Firstly, I would like to point out that I think the design in this paper does buy you some amount of marginal safety when dealing with slightly superhuman AI's, and that it still gives opportunity to perhaps get something useful out.
Failure mode 1)
A lack of optimization doesn't mean a lack of danger. Even after the episode ends, the box may contain dangerous optimized items. Given that the box was specified to contain only a human, (And some cloths) this suggests the most dangerous thing that could leave is probably some form of meme. For example, suppose the AI finds a very convincing argument that humans should do whatever AI's want. This is a very good solution to the problem of hacking the human into giving the AI whatever answer it wants. (Which is pretty much what this AI was programmed to do, although it may sometimes give good answers on occasions where that is easier than hacking the operator) Once the human exits the box, the idea can go viral.
Failure mode 2)
What does the "Asymptotic optimality" mean in practice. Imagine a world containing BoMAI. The BoMAI comes up with a plan to take over the world after this episode has ended. It tries this plan. Lets imagine a magic angel interferes with this plan, stopping it the moment the episode ends. So the BoMAI is somewhat puzzled, and tries again. Eventually BoMAI will learn that plans involving taking over the world after the end of the episode never work, and so it will stop doing them. This means the magic angel only has a finite amount of work to do. Plans that involve taking over the world are assumed to receive a lower rating within the episode. The smaller the difference in reward between a plan that also takes over the world after the episode, and a plan that purely optimizes within an episode, the more slowly such taking over world plans disappear. Leading in the limit to failure mode 1.
Of course, in reality, the magic angel doesn't exist, and the AI succeeds in taking over the world.
Failure mode 3)
Criticizing the box.
The mentor has no vacuum between them and the font of all evil (the AI). There is also no Faraday cage, and a screen facing the mentor that is vulnerable to all sorts of hacking. Therefore the mentor can be hacked. There is no vacuum between the mentor and the AI, so if the mentor can claw through concrete, they gain hardware level access to the AI. They can then disable the pressure sensors and any other systems that end the episode. Now the airlocks can be opened by using whatever mechanism is used to open the airlocks at the end of an episode.
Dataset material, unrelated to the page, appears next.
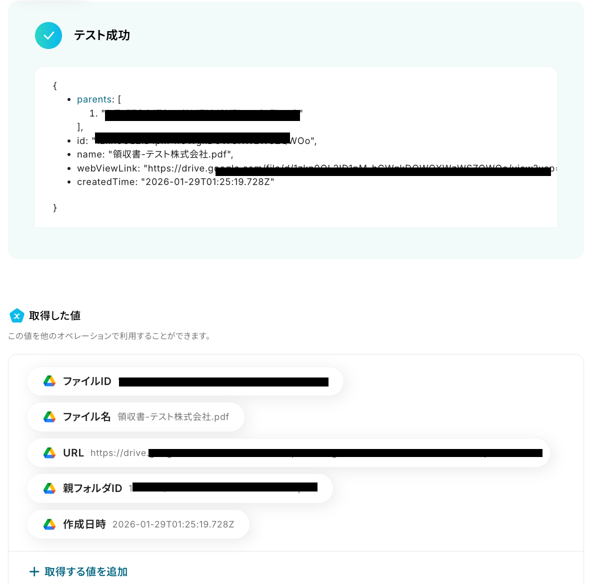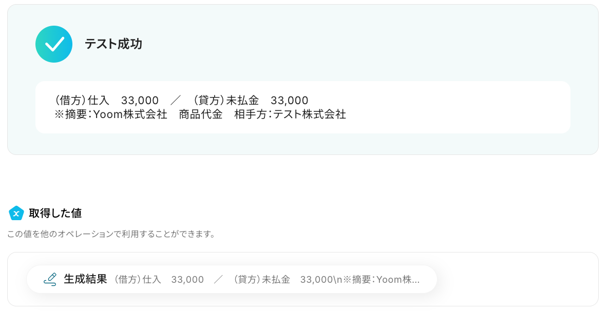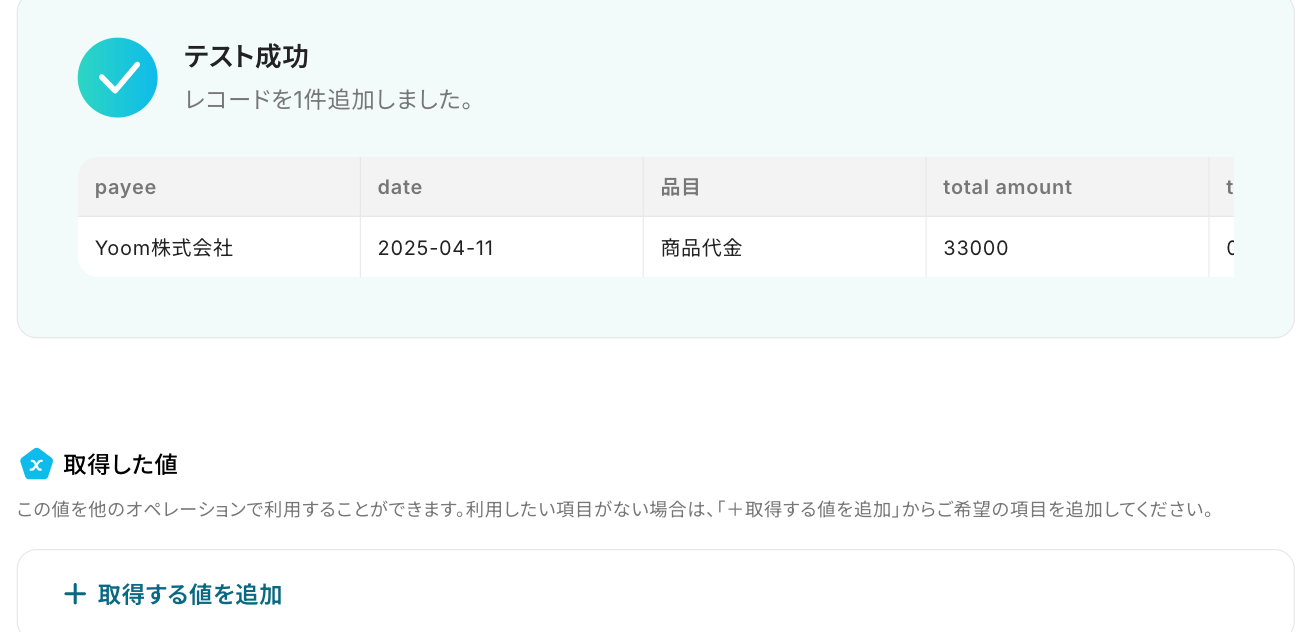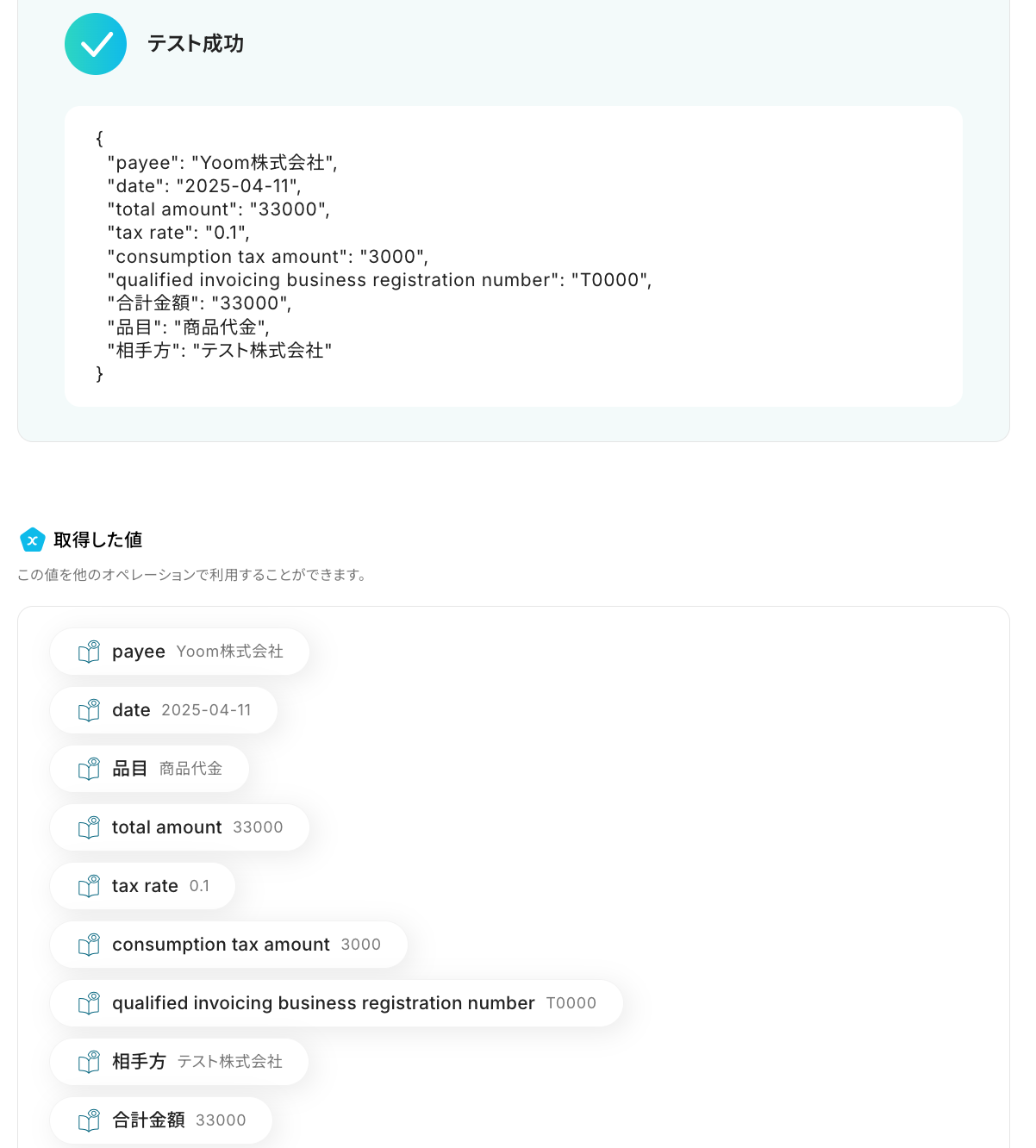 「テスト」をクリックしましょう! テストが成功すると、取得した値に反映されます。領収書の内容が抽出されましたね。 最後に「完了」を押して、次のステップへ進んでください。

There must be some point where information from the pressure sensors feeds into the AI system to stop the episode. This point, and the pressure sensors themselves, are vulnerable to electromagnetic and sonic interference from the AI. Suppose the AI has a bunch of cooling fans it is in control of, and by vibrating them all in just the right way, it can cause all the sound waves to constructively interfere right on the solder joint between a pressure sensor and the AI's circuits. This allows it to work the solder loose, slowly breaking that connection. The AI can now encourage the human operator to smash the glass.
The AI bootstraps nanotech. It turns out there was a sophisticated and easily hackable piece of proto-nanotech just sitting around, in the form of a bacteria just sitting on one of the AI's chips. By carefully controlling the electromagnetic, thermal and sonic emissions of its hardware, the AI can hack that ribosome. The bootstrapped nanotech can tunnel through the walls of the box and take over the world.
There are other flaws in the "nothing can get through". For instance, solid objects could be poked through a small hole, so long as the hole was carefully sealed to stop gasses escaping. Or tiny amounts of gas could be leaked through a pinhole, not enough to trip the pressure sensors, with information in which gas. But I can't think of how to use these to take over the world.